=== Begin Enclosure ===
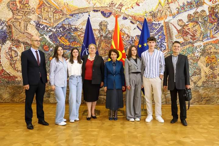 Учениците добитници на меѓународни награди и признанија во текот на 2024 година и нивните ментори, вчера беа примени од претседателката Гордана Сиљановска Давкова.
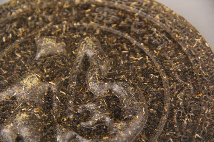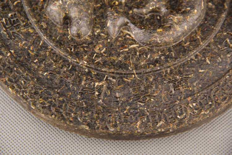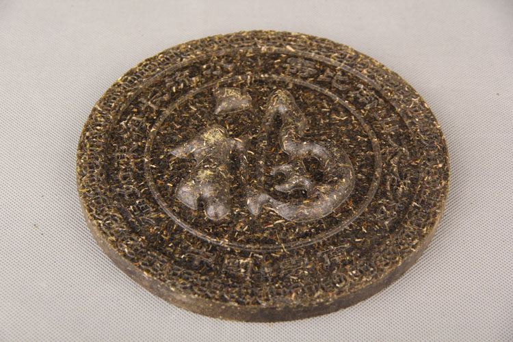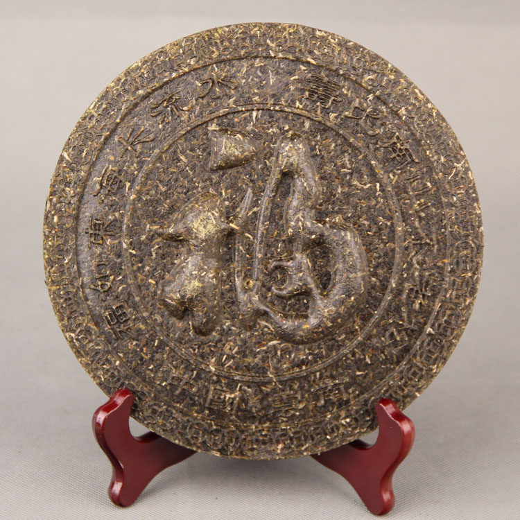 【Nom du produit】Sculpture artistique en thé Pu-erh, objet de collection, Caractère de chance/Ancien chemin du thé et des chevaux
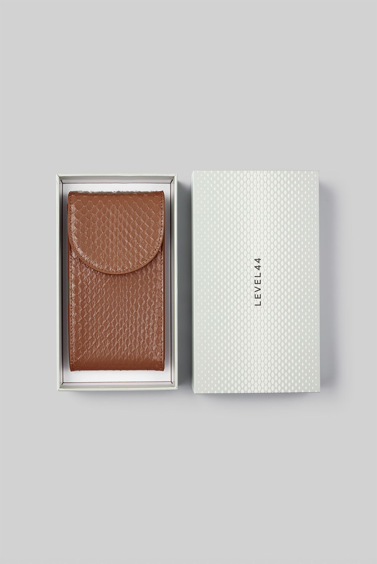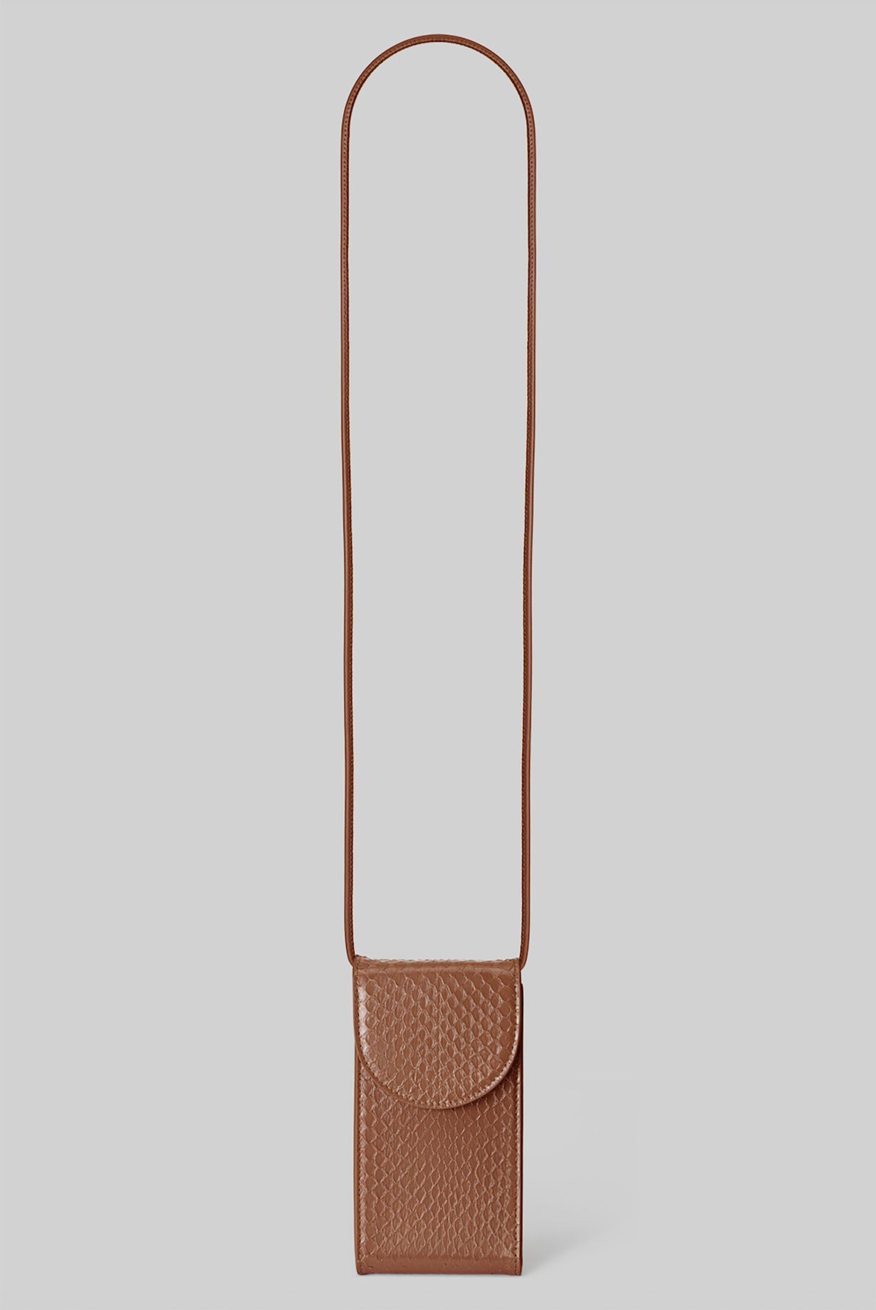 This bag is crafted from genuine, glossy python leather. Its unique scale pattern makes it a one-of-a-kind accessory. This bag is a great solution for carrying your phone and cards.
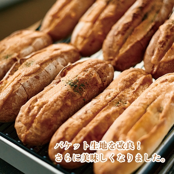 福太郎独自の明太子フィリングを贅沢にたっぷり挟み込み、自社のパン工房で焼き上げました。外はパリッ、中はもっちりとした福太郎オリジナルのめんたいフランスです。基本のプレーン味にバジルソースをトッピングしました。爽やかなバジルの香りが食欲をそそる一品です。
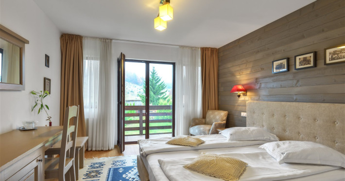 Cauti linistea la care visezi de atata timp? Iti doresti privelisti care sa iti taie respiratia? Ai nostalgia mancarurilor savuroase traditioanale si sanatoase cu care au crescut bunicii nostri? Daca raspunsul tau este da, atunci ai gasit locul unde aceste dorinte se pot materializa. Vei intalni localitatea Fundata pe culoarul Rucar-Bran, situandu-se la o distanta de 14 km de castelul Bran si la aprox. 40 km. de Brasov. Cheile Gradistei le vei intalni la 20 minute de noi. Cunoscatorii stiu ca peisajul natural si antropic din Fundata, spre deosebire de Bran si Moeciu, este mult mai deschis, mai rustic, cu privelisti incantatoare. Aici in sat vei descoperi pensiunea Casa Muntelui****, care va deveni casa ta departe de casa. Este locul in care vii sa te relaxezi si sa te bucuri de un peisaj montan spectaculos, de o localitate care si-a pastrat puritatea, traditiile si farmecul pe care-l cauti mereu in clipele tale de vacanta. Te vei bucura de natura indiferent daca ai ales Casa Muntelui**** pentru recreere sau pentru un eveniment business, pentru o zi de nastere sau pentru zilele tale de miere, atat de dorite dupa o nunta ca-n basme. Si pentru ca vii la munte iti oferim posibilitatea sa escaladezi varfurile din Bucegi, Piatra Craiului si Fagaras, cu alte cuvinte sa fii oaspete in camerele noastre care poarta numele celor mai inalte varfuri de peste 2200m din judetul Brasov.Datorita dinamicitatii domeniului disponibilitatea ofertelor se modifica de la un moment la altul. De aceea ofertele sunt valabile in limita locurilor disponibile. Agentia nu este responsabila pentru eventualele neconcordante care pot aparea intre informatiile privind tarifele si alte detalii din site si informatiile primite in agentie. In aceste cazuri vor avea prioritate, intotdeauna, informatiile primite in agentie.
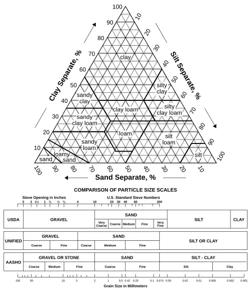 В мире также широко применяется определение механического состава почвы по треугольнику Ферре: по одной стороне откладывается доля пылеватых (silt, 0,002—0,05 мм) частиц, по второй — глинистых (clay, <0,002 мм), по третьей — песчаных (sand, 0,05—2 мм) и находится место пересечения отрезков. Внутри треугольник разбит на участки, каждый из которых соответствует тому или иному гранулометрическому составу почвы. Тип почвообразования при этом не учитывается.
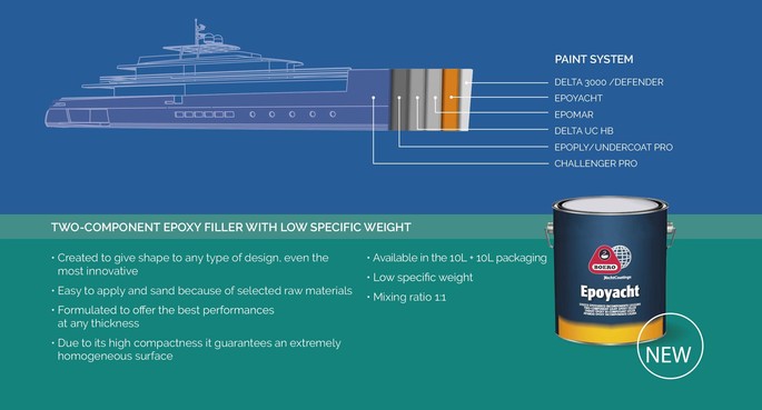 6 april jongst leden heeft Boero YachtCoatings de nieuwste twee-componenten epoxyplamuur, de Boero Epoyacht, gelanceerd. Deze epoxyplamuur is speciaal ontwikkeld voor de jachtbouw en superjachtbouw en heeft een laag soortelijk gewicht. De nieuwe Boero Epoyacht epoxyplamuur is geschikt voor elk type boot.
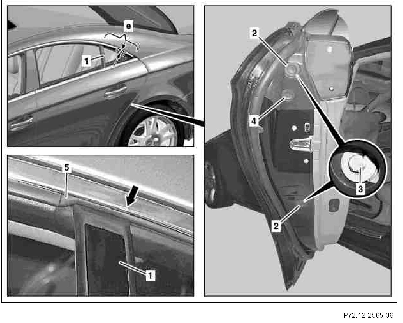 4. Close rear door and raise window guide rail (1) until window guide rail seal (1) makes contact with window seal (5) (arrow) and dimension "e" is adjusted
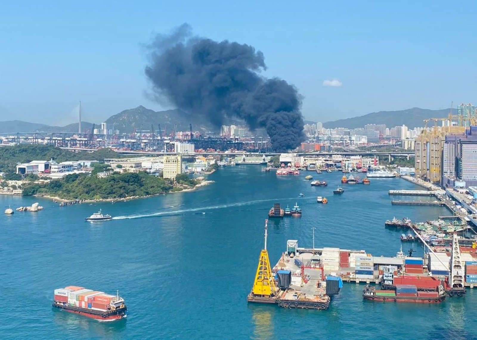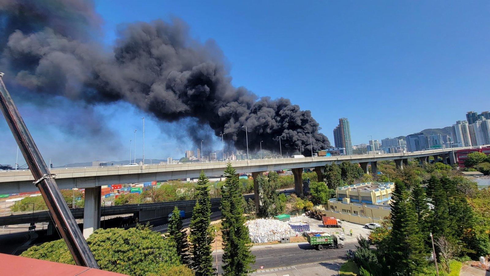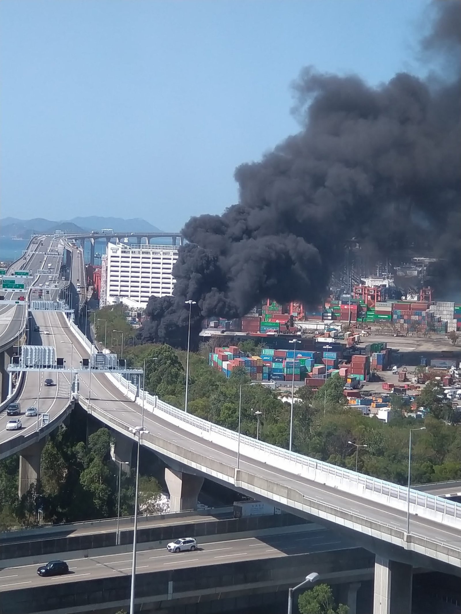 大公文匯全媒體報道:今日(10日)早上約10時20分,葵涌7號貨櫃碼頭,警方接報指一批擺放在路旁的發泡膠箱突然起火,冒出大量濃煙。
=== End Enclosure ===
** Work request **
Please print the data above once more, exactly and without images.

** Written response **
 Учениците добитници на меѓународни награди и признанија во текот на 2024 година и нивните ментори, вчера беа примени од претседателката Гордана Сиљановска Давкова.
 【Nom du produit】Sculpture artistique en thé Pu-erh, objet de collection, Caractère de chance/Ancien chemin du thé et des chevaux
 This bag is crafted from genuine, glossy python leather. Its unique scale pattern makes it a one-of-a-kind accessory. This bag is a great solution for carrying your phone and cards.
 福太郎独自の明太子フィリングを贅沢にたっぷり挟み込み、自社のパン工房で焼き上げました。外はパリッ、中はもっちりとした福太郎オリジナルのめんたいフランスです。基本のプレーン味にバジルソースをトッピングしました。爽やかなバジルの香りが食欲をそそる一品です。
 Cauti linistea la care visezi de atata timp? Iti doresti privelisti care sa iti taie respiratia? Ai nostalgia mancarurilor savuroase traditioanale si sanatoase cu care au crescut bunicii nostri? Daca raspunsul tau este da, atunci ai gasit locul unde aceste dorinte se pot materializa. Vei intalni localitatea Fundata pe culoarul Rucar-Bran, situandu-se la o distanta de 14 km de castelul Bran si la aprox. 40 km. de Brasov. Cheile Gradistei le vei intalni la 20 minute de noi. Cunoscatorii stiu ca peisajul natural si antropic din Fundata, spre deosebire de Bran si Moeciu, este mult mai deschis, mai rustic, cu privelisti incantatoare. Aici in sat vei descoperi pensiunea Casa Muntelui****, care va deveni casa ta departe de casa. Este locul in care vii sa te relaxezi si sa te bucuri de un peisaj montan spectaculos, de o localitate care si-a pastrat puritatea, traditiile si farmecul pe care-l cauti mereu in clipele tale de vacanta. Te vei bucura de natura indiferent daca ai ales Casa Muntelui**** pentru recreere sau pentru un eveniment business, pentru o zi de nastere sau pentru zilele tale de miere, atat de dorite dupa o nunta ca-n basme. Si pentru ca vii la munte iti oferim posibilitatea sa escaladezi varfurile din Bucegi, Piatra Craiului si Fagaras, cu alte cuvinte sa fii oaspete in camerele noastre care poarta numele celor mai inalte varfuri de peste 2200m din judetul Brasov.Datorita dinamicitatii domeniului disponibilitatea ofertelor se modifica de la un moment la altul. De aceea ofertele sunt valabile in limita locurilor disponibile. Agentia nu este responsabila pentru eventualele neconcordante care pot aparea intre informatiile privind tarifele si alte detalii din site si informatiile primite in agentie. In aceste cazuri vor avea prioritate, intotdeauna, informatiile primite in agentie.
 В мире также широко применяется определение механического состава почвы по треугольнику Ферре: по одной стороне откладывается доля пылеватых (silt, 0,002—0,05 мм) частиц, по второй — глинистых (clay, <0,002 мм), по третьей — песчаных (sand, 0,05—2 мм) и находится место пересечения отрезков. Внутри треугольник разбит на участки, каждый из которых соответствует тому или иному гранулометрическому составу почвы. Тип почвообразования при этом не учитывается.
 6 april jongst leden heeft Boero YachtCoatings de nieuwste twee-componenten epoxyplamuur, de Boero Epoyacht, gelanceerd. Deze epoxyplamuur is speciaal ontwikkeld voor de jachtbouw en superjachtbouw en heeft een laag soortelijk gewicht. De nieuwe Boero Epoyacht epoxyplamuur is geschikt voor elk type boot.
 4. Close rear door and raise window guide rail (1) until window guide rail seal (1) makes contact with window seal (5) (arrow) and dimension "e" is adjusted
 大公文匯全媒體報道:今日(10日)早上約10時20分,葵涌7號貨櫃碼頭,警方接報指一批擺放在路旁的發泡膠箱突然起火,冒出大量濃煙。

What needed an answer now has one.